Nos primeiros dias após o ataque da Rússia à Ucrânia, o temor de escassez de fertilizantes jogo luz sobre um negócio anunciado menos de um mês antes: a venda da Unidade de Fertilizantes Nitrogenados (UFN III), da Petrobras, para a russa Acron. O assunto virou até tema de apresentação da pré-candidata à Presidência, Simone Tebet (MDB), que era prefeita de Três Lagoas (MS), onde fica à unidade, na época da negociação.
Depois de dois meses de uma guerra que enfrenta sucessivas ameaças de escalada nuclear por parte da Rússia, a Petrobras anunciou nesta quinta-feira (28) o único desfecho possível: o cancelamento do negócio.
Em nota, a estatal afirma que "está realizando os trâmites internos para encerramento do atual processo de venda e lançamento de um novo teaser (comunicado com as bases da oferta) tão logo possível. A previsão é lançar o novo processo já no início de junho". Ainda segundo a Petrobras, "o plano de negócios proposto pelo potencial comprador, em substituição ao projeto original, impossibilitou determinadas aprovações governamentais (destaque da coluna) que eram necessárias para a continuidade da transação".
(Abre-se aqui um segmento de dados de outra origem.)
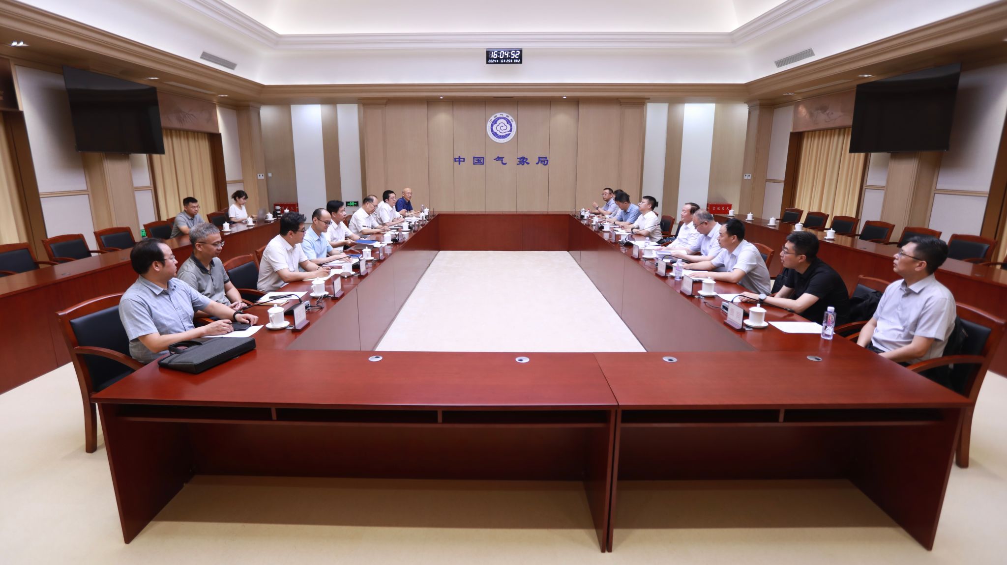 会见前,郭海一行到国家气象中心、国家卫星气象中心、国家气象信息中心、气象探测中心等中国气象局直属单位调研,了解气象预报、风云气象卫星、气象大数据应用和气象探测业务等情况。

Ou seja, pegou tão mal que o governo Bolsonaro encontrou uma forma de barrar o avanço do negócio que representava ainda mais concentração de mercado nas mãos dos russos, que já respondem por um quarto das importações do Brasil, que chegam a 85% das necessidades de fertilizantes. O vice-presidente da Acron, Vladimir Kantor havia dito em março que a intenção era "começar a trabalhar (na retomada do projeto) já em julho".
Assim que a guerra começou, surgiu a dúvida sobre a concretização do negócio, que chegou a ser chamado de "a primeira vítima da guerra no Brasil". A coluna havia consultado a Petrobras à época, que respondera apenas que não existia, até aquele momento, "atualização sobre o processo de venda da UFN III". Quase dois meses depois, saiu o anúncio oficial de cancelamento.
Agora, recomeça a tentativa de encontrar um investidor que termine a obra e reforce a produção nacional de fertilizantes. Não será uma tarefa simples, mas há uma diferença substancial: agora, há uma aguda consciência da necessidade de reduzir a dependência de importados em geral, e especificamente, da Rússia.
O que é a UFN III
Foi uma das unidades de produção de fertilizantes criadas nos governos petistas, a partir do diagnóstico correto de que o Brasil é excessivamente dependente de importações na área. A construção iniciou em 2011. Uma década e cerca de R$ 3,7 bilhões depois, segue inacabada, com suspeitas de desvio de recursos. Deveria cortar à metade a dependência do Brasil da importação de amônia e ureia, atualmente em cerca de 85%. A matéria-prima seria o gás natural do duto Bolívia-Brasil.
A íntegra da nota da Petrobras
"A Petrobras, em continuidade aos comunicados divulgados em 21/02/2020 e 04/02/2022, informa que não foi concluído o processo de venda da Unidade de Fertilizantes Nitrogenados III (UFN-III), no município de Três Lagoas, no Mato Grosso do Sul, com o grupo russo Acron, tendo em vista que o plano de negócios proposto pelo potencial comprador, em substituição ao projeto original, impossibilitou determinadas aprovações governamentais que eram necessárias para a continuidade da transação.
Assim, a companhia está realizando os trâmites internos para encerramento do atual processo de venda e preparando o lançamento de um novo teaser tão logo possível. A previsão é lançar o novo processo já no início de junho.
A Petrobras reforça o seu compromisso com a ampla transparência de seus projetos de desinvestimento e de gestão de seu portfólio e informa que as etapas subsequentes do projeto serão divulgadas de acordo com a Sistemática de Desinvestimentos da companhia."